Bardi v. Mosher

235 A.D.2d 869, 653 N.Y.S.2d 45, 1997 N.Y. App. Div. LEXIS 549
CourtAppellate Division of the Supreme Court of the State of New York
DecidedJanuary 23, 1997
StatusPublished
Cited by4 cases

This text of 235 A.D.2d 869 (Bardi v. Mosher) is published on Counsel Stack Legal Research, covering Appellate Division of the Supreme Court of the State of New York primary law. Counsel Stack provides free access to over 12 million legal documents including statutes, case law, regulations, and constitutions.

Bluebook
Bardi v. Mosher, 235 A.D.2d 869, 653 N.Y.S.2d 45, 1997 N.Y. App. Div. LEXIS 549 (N.Y. Ct. App. 1997).

Opinion

Cardona, P. J.

Appeal from an order of the Supreme Court (Dier, J.), entered May 5, 1995 in Warren County, which denied plaintiffs motion for a default judgment.

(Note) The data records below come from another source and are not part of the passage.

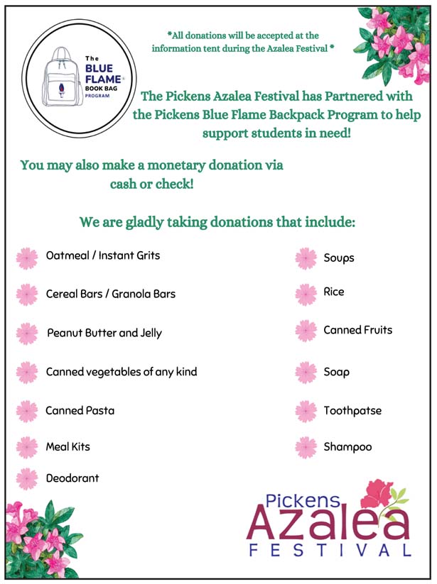 PICKENS — The Pickens Azalea Festival gives back to the Pickens community each year once the festival is over. The
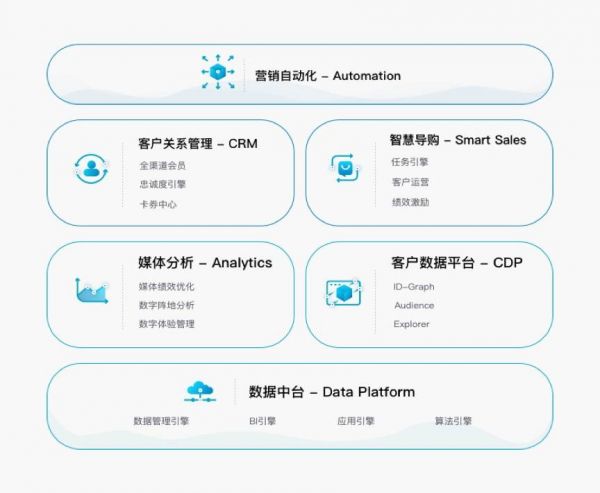 营销技术向来是一个变化迅速的领域,赛道中的玩家必须时刻把握市场动向,站在技术产品的前端。“底层的数据基础必须坚实,才能快速响应业务变化;中层的产品需要更加贴近应用场景,方便客户使用,助力业务提升;上层连接体系要和各类大生态需要紧密融合,为客户借力。”
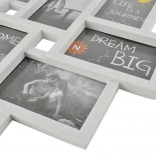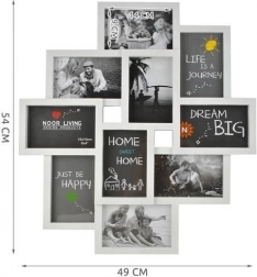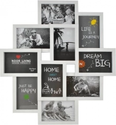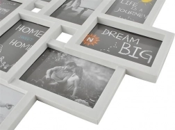 Készítsen egyedi galériát otthon vagy az irodában. A keret akár 10 fotót is befogad (kívülről látható méret kb. 9×14 cm), és az okosan összekapcsolt szerkezetnek köszönhetően helyet takarít meg, amelyet tíz különálló képkeret foglalna el. A fehér, minimalista dizájn bármely enteriőrbe illik, és kiemeli kedvenc felvételeit.
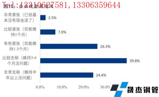 据调研,64.1%的样本企业资金流是比较或者非常充裕的,26.3%的样本企业资金有些紧张,仅能维持1-3个月,而资金压力比较及非常紧张的样本企业占比9.6%。
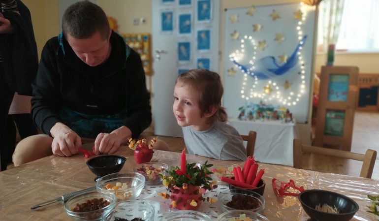 I malé děti ve Žlutém klubíčku umí vánočně tvořit.S pomocí svých rodičů zvládly sušeným ovocem a rozinkami krásně ozdobit jablíčkový svícen a vyrobit si „ledovou“ lampičku. A jako bonus ještě společně s rodiči vytvořily do svých portfolií vzpomínkovou vánoční koláž s fotografií a milým vzkazem.  Klidné a příjemné odpoledne, zastavení v předvánočním shonu, radost a úsměvy. Co více si přát….
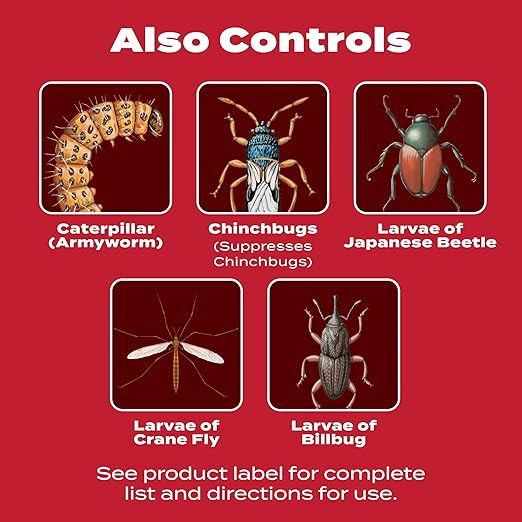 - This grub killer also controls caterpillars (armyworm), chinchbugs, May/June beetles, and more (as listed), and can help control Japanese beetle infestations when applied annually
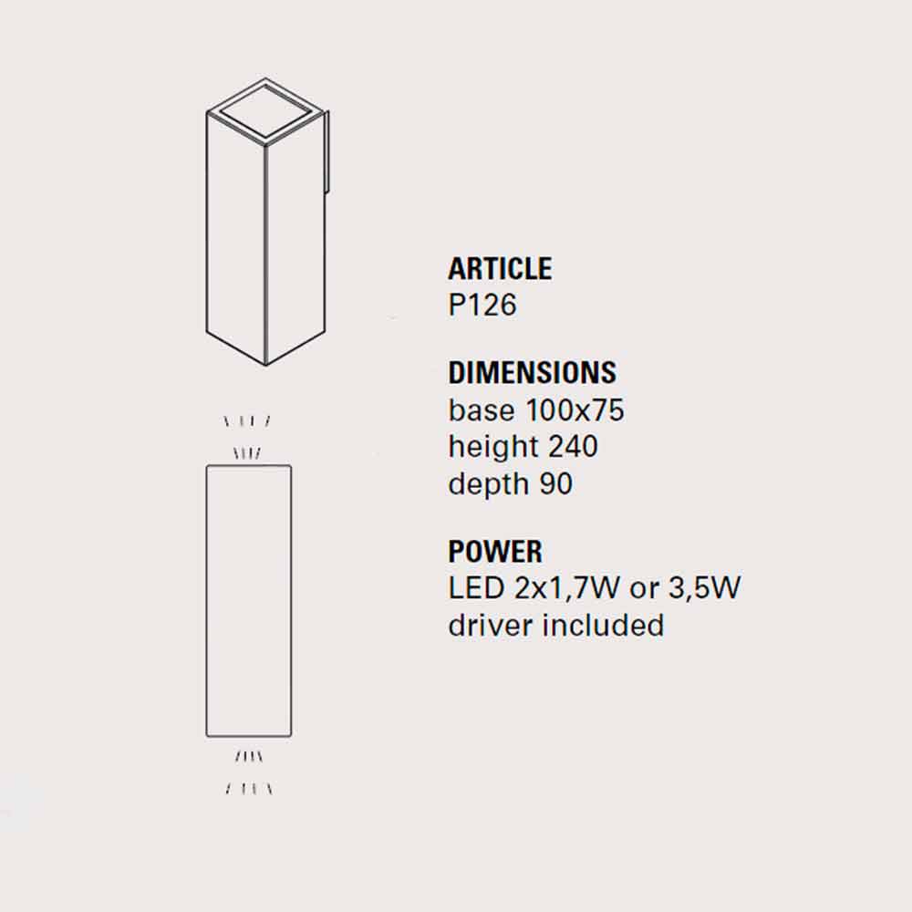 Suitable bulbs, not included:- lumens 230 2 x 1,7W IP 65, 3000K 90 ° angle;

[870]*870Plaintiff commenced this action against defendants, the owners of the property adjacent to his, alleging, inter alia, that they created a nuisance on their property by housing pigs in close proximity to plaintiff’s residence. Defendants were served with the summons and complaint on April 7, 1994. By letter dated April 26, 1994, addressed to Supreme Court, defendants, who were unrepresented by counsel, requested an extension of the time to answer the complaint. On May 11, 1994, they submitted a pro se request for judicial intervention. On May 12, 1994, the Warren County Clerk advised defendants that while the papers would not be accepted as a request for judicial intervention because they were not in the proper format, they would be filed as an answer.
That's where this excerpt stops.